--- THE DATA Enclosed Below ---

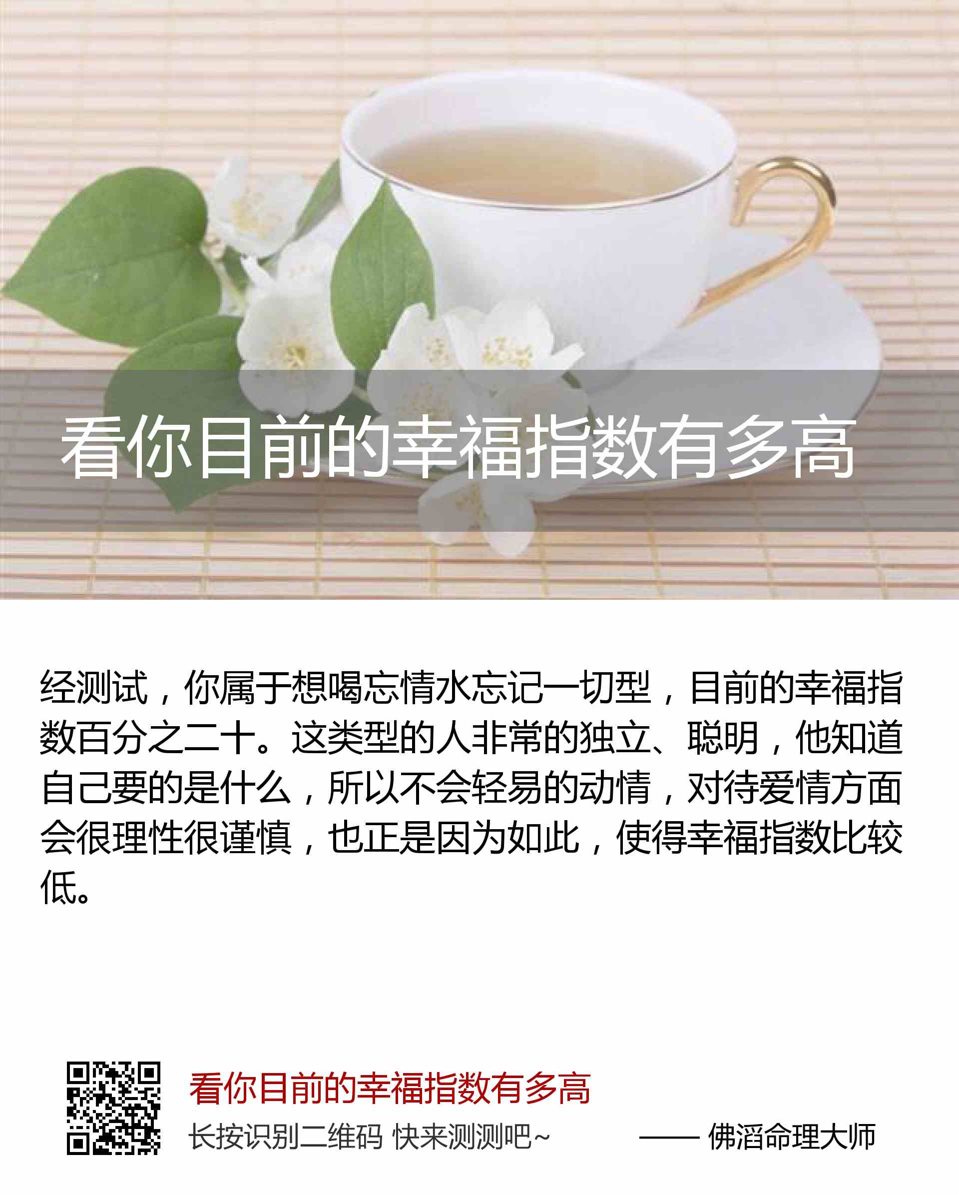 你属于想喝忘情水忘记一切型,目前的幸福指数百分之二十。
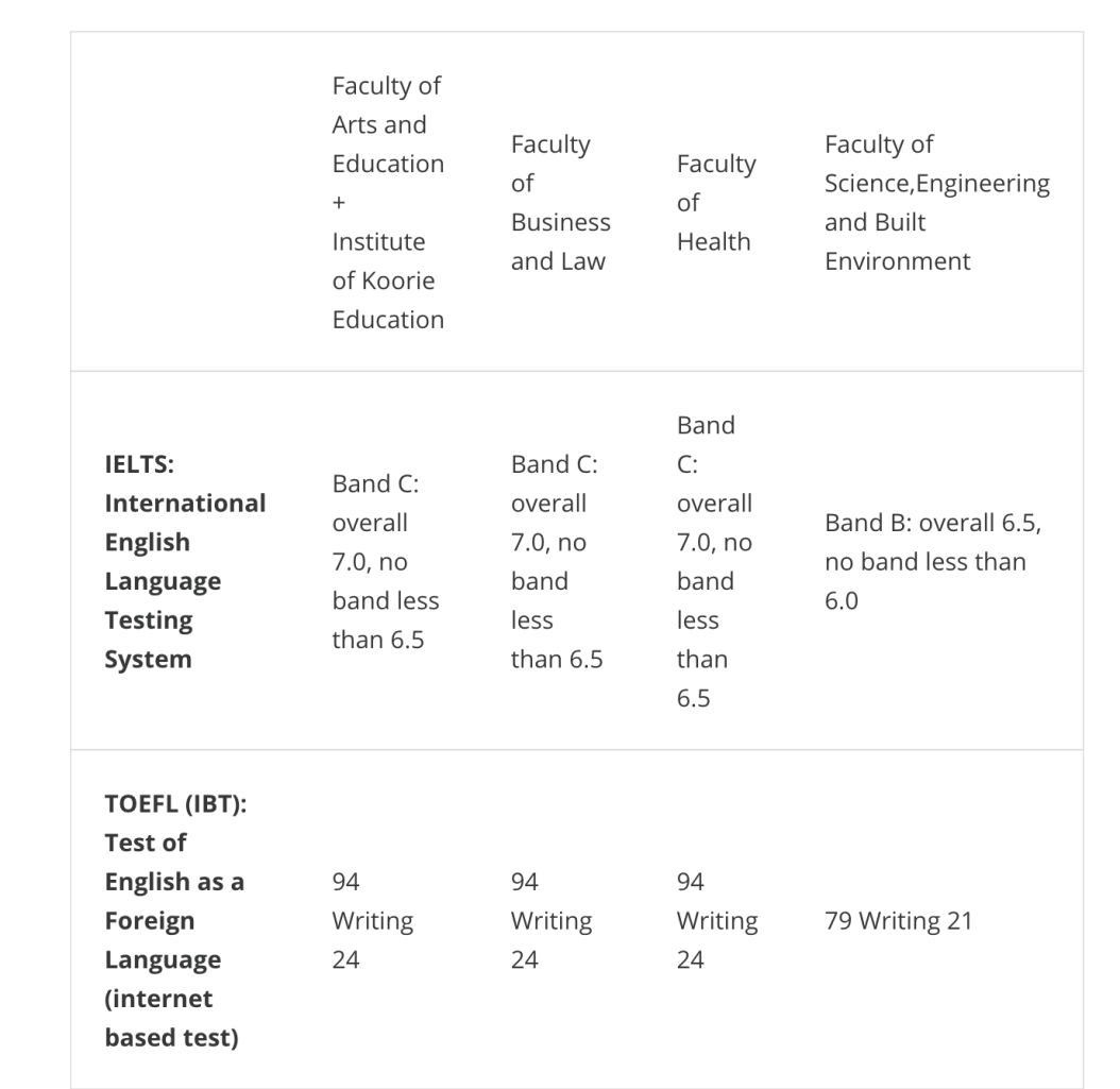 如果你的母语为非英语,或你用于申请迪肯大学研究型学位的学历资格材料为非英语国家授予,申请者则需提供额外的英语能力证明。
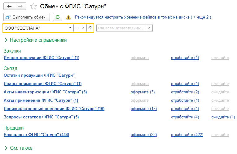 Добавлено рабочее место Обмен с ФГИС "Сатурн". Здесь собраны все документы ФГИС "Сатурн", задачи по их оформлению.
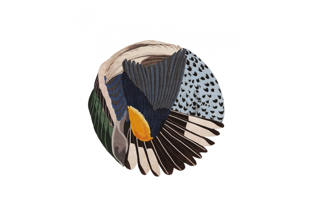 Feathers Round von Maarten De Ceulaer für CC-Tapis entworfen, ist ein handgeknüpfter Teppich aus Baumwollgewebe, Himalaya-Wolle und reiner Seide.
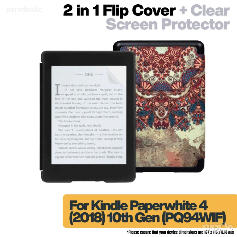Kомплект калъф + фолио протектор или калъф + стъклен протектор за Kindle Paperwhite 2018.
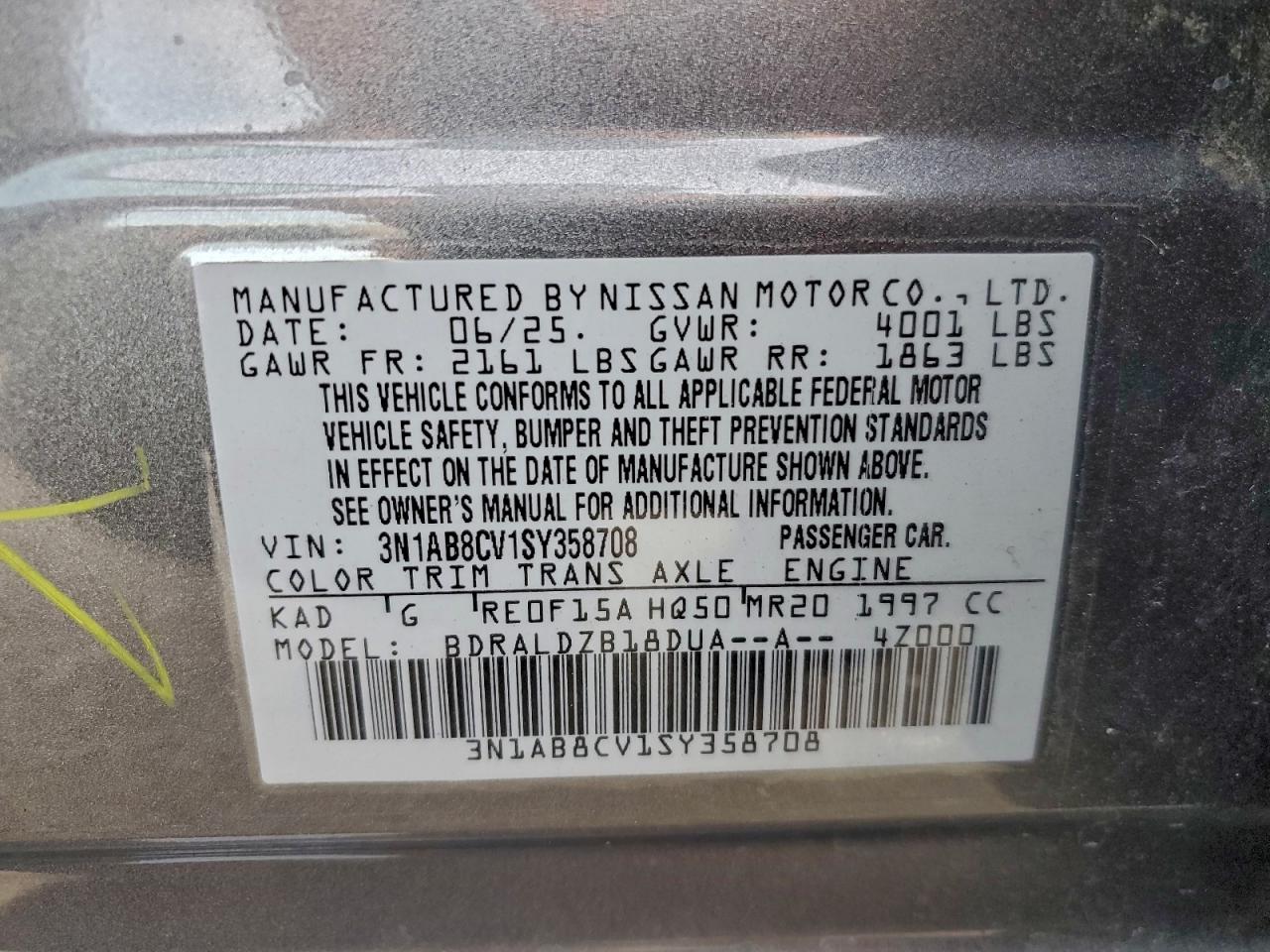 VIN: 3N1AB8CV1SY358708
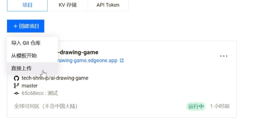 我们把它部署到EdgeOne Pages上面。这次我准备选择另外一种:直接上传项目资源文件的方式进行部署。
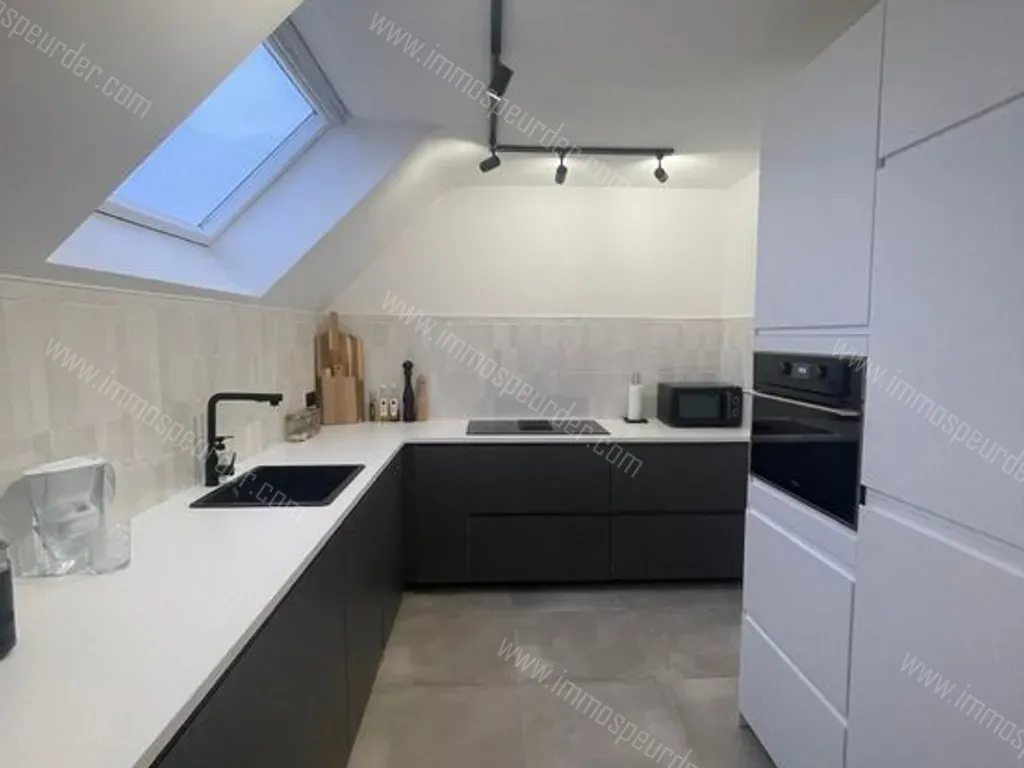 Benedenverdieping: inkomhal, toilet, woonkamer met aansluitende de gesloten keuken. De keuken is volledig uitgerust: vaatwasser, inbouwkoelkast, oven, microgolfoven en een inductiekookplaat met ingebouwde dampkap. Als laatste is er nog een kleine berging.
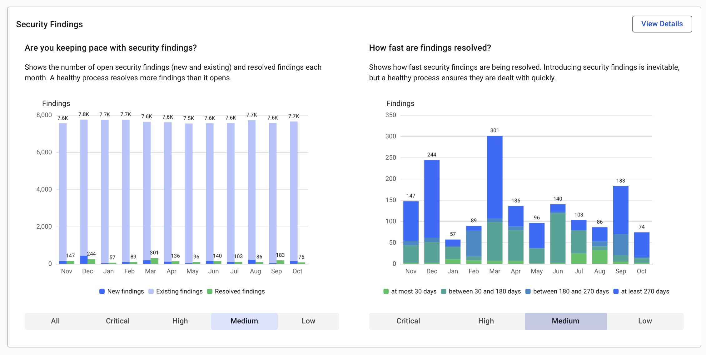 Below that, we have charts showing how status of security findings (new, existing, and resolved) and how quickly your teams are addressing them per severity.
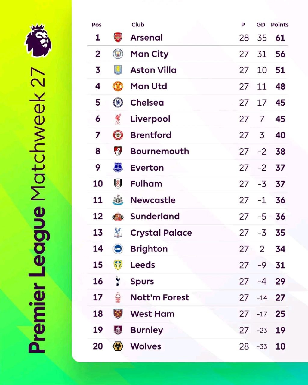 ዎልቭስ በ10 ነጥብ የመጨረሻውን 20ኛ ደረጃ ይዟል። አስቶንቪላ በ51 ነጥብ ሶስተኛ ደረጃ ላይ ተቀምጧል።
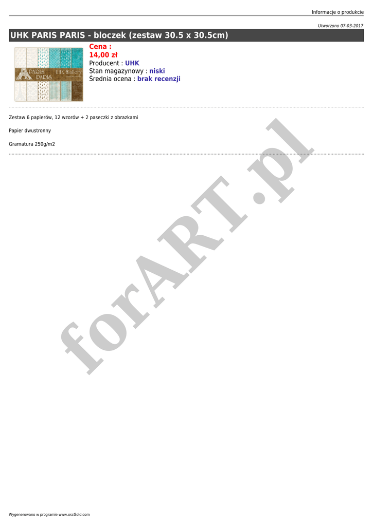 Informacje o produkcie Utworzono 07-03-2017 UHK PARIS PARIS - bloczek (zestaw 30.5 x 30.5cm) Cena : 14,00 zł Producent : UHK Stan magazynowy : niski Średnia ocena : brak recenzji Zestaw 6 papierów, 12 wzorów + 2 paseczki z obrazkami Papier dwustronny fo rA R T. pl Gramatura 250g/m2 Wygenerowano w programie www.oscGold.com
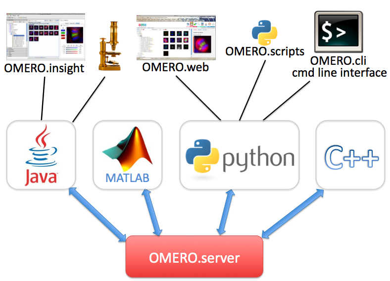 OMERO is an open source client/server system written in Java for visualizing, managing, and annotating microscope images and metadata. The OMERO Application Programming Interface allows clients to be written in Java, Python, C++ or MATLAB. OMERO releases include a Java client OMERO.insight, a Python-based web client OMERO.web and the Command Line Interface as an OMERO development tool, which also uses Python. There is also an ImageJ plugin. OMERO can be extended by modifying these clients or by writing your own in any of the supported languages (see figure). OMERO also supports a Scripting Service which allows Python scripts to be run on the server and called from any of the other clients.
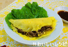 [生地]を作ります。ボウルに小麦粉・米粉・片栗粉・塩・ターメリックを入れて混ぜ、さらに水を加えてよく混ぜ合わせます。フライパンに油を熱し、牛肉を炒め、たまねぎともやしを加えて炒め合わせ、「黄金の味」を加えて汁気がなくなるまで炒めます。フライパンに再び油を熱し、(1)を1/3量入れて薄くのばし、(2)を1/3量のせて2つ折りにします。残り2つも同様に作り・・・ 調理時間:約30分 カロリー:約324kcal

--- End of Enclosed THE DATA ---

TASK DIRECTIONS:
After locating "Feathers Round von" and "Benedenverdieping: inkomhal, toilet, woonkamer" in the records above, return exactly the line holding each one and every line between them; leave out the pictures.

WRITTEN SOLUTION:
 Feathers Round von Maarten De Ceulaer für CC-Tapis entworfen, ist ein handgeknüpfter Teppich aus Baumwollgewebe, Himalaya-Wolle und reiner Seide.
Kомплект калъф + фолио протектор или калъф + стъклен протектор за Kindle Paperwhite 2018.
 VIN: 3N1AB8CV1SY358708
 我们把它部署到EdgeOne Pages上面。这次我准备选择另外一种:直接上传项目资源文件的方式进行部署。
 Benedenverdieping: inkomhal, toilet, woonkamer met aansluitende de gesloten keuken. De keuken is volledig uitgerust: vaatwasser, inbouwkoelkast, oven, microgolfoven en een inductiekookplaat met ingebouwde dampkap. Als laatste is er nog een kleine berging.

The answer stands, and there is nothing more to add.